We were high up and the air seemed more see-through than usual. The only people around for miles, we felt good and ready for our New Year’s Eve in the Peruvian Andes. We spent the day exploring Huascarán National Park, geeking out about the size of lichens and forcing our feet into bone-ache streams of cold. As the sun dropped, taking the temperature with it, we settled into our tent and drank wine. We sang loudly for a while, took comedy us-shots on Breen’s camera, and then fell asleep: an unconventional but enjoyably unremarkable New Year celebration. Until the journey home the next morning.
Waking with the sun, and still cosy inside our tent, we peeked out at peaks of snow-capped mountain. Clouds rose and sunk making a meteorological kaleidoscope of an ever-changing landscape. Little birds flew down to the entrance of our tent and ate the crumbs we had thrown out, and then splashed around in the clear stream next to us. An auspicious and inspiring start to the New Year, and it definitely beat the hungover dark skies of home. Feeling liberated and full of the joys of the spring in our step, we got up.
We soon realised, after rising from our graves of yesteryear, that there had been some developments during the night. We were now sharing a field with lots of cows. Cows with big horns. We (Lived-On-A-Small-Holding-Breen and Worked-On-A-Diary-Farm-Pawlik) were packing up and cooking breakfast when the cows started to become increasingly interested in us. I began to feel sketchy and then Breen did, until we both re-sketched the whole scene before us into a picture of inane calamity, framed by our new-found bovinaphobia. We decided to eat our food behind a fence, hoping the uninvited ruminants would get bored and leave.
We returned to find them still lurking around our tent and mooing their way through our rubbish bag. And of course, because we had re-sketched the morning, we didn’t see ordinary cows, we saw ferocious Andean ones. Self-drawn images of stampedes and maimings began to appear in our collective mind.
Outraged by our own stupidity and desperate to start the journey home, we decided we should get Big And Happening, brandish some sticks and run into the field shouting: a highly complicated plan involving intense cow psychology. It worked…up to a point: all but one ran away. And that one remaining cow instantly knew she had won. She took two steps towards us, and Breen and I fled the field again, Laurel and Hardy style.
The bovine bully began waiting at the fence, guarding the entrance like a multi-stomached sentry. She was, in short, being a right cow. We waited on the other side, ridiculing our self-made dilemma and concocting cow warfare plans. Sheepish about a cow and very cross with ourselves, we sat under the sun, which was getting hotter and higher by the minute. We waited. She waited. A stand-off. And there we stayed, defeated by an animal domesticated since Neolithic times. A New Year’s Bovine Nemesis.
She never got bored. Countless excruciating hours passed before we finally saw some trekkers who I ran over to and, red faced, explained our situation. They looked understandably confused. We felt understandably embarrassed. Our saviour strangers hopped over the fence and with an understated ‘shoo’ and a small flick of the hands, every single cow fled, our nemesis included. Relieved and mortified at the same time, we were a million miles away from our morning of hope and possibility.
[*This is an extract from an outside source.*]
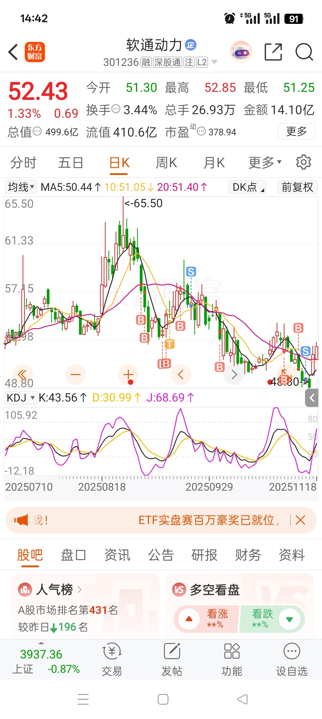 $软通动力(SZ301236)$ 现在只要一涨,我就心里难受
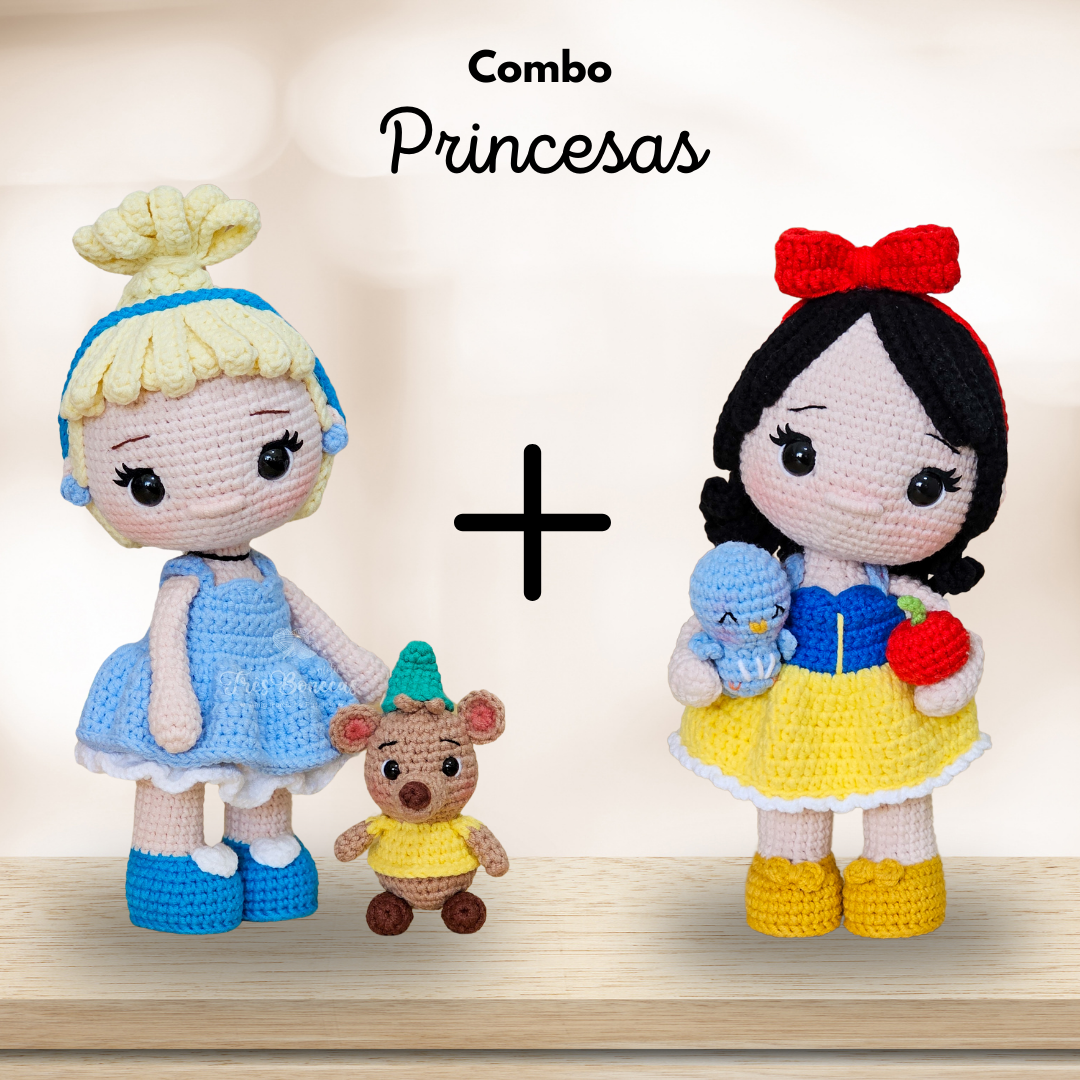 Transforme seu crochê em pura magia com este combo encantador! Você receberá duas receitas completas em PDF para confeccionar as princesas Branca de Neve e Cinderela, ambas com acabamento delicado, proporções perfeitas para decorar ou vender, e riquíssimos detalhes que encantam qualquer pessoa!

After collecting our camping things in comedy haste in case she returned, we started the trek home, glad that mountains can keep secrets. We passed some other cows on the way to the turquoise-perfect waters of Lago Llanganuco, but luckily they’d not yet had a chance to chat with the evil one, and the situation remained stable. Legs tired and still feeling like wallies, we got a combi with no seats down to Yungay, rolling around on the floor with lots of ladies in petticoats and hats. To this day we remain mortified when we think of our painfully slow journey home, when we were fenced in by our own stupidity at the foothills of the Andes on New Year’s Day.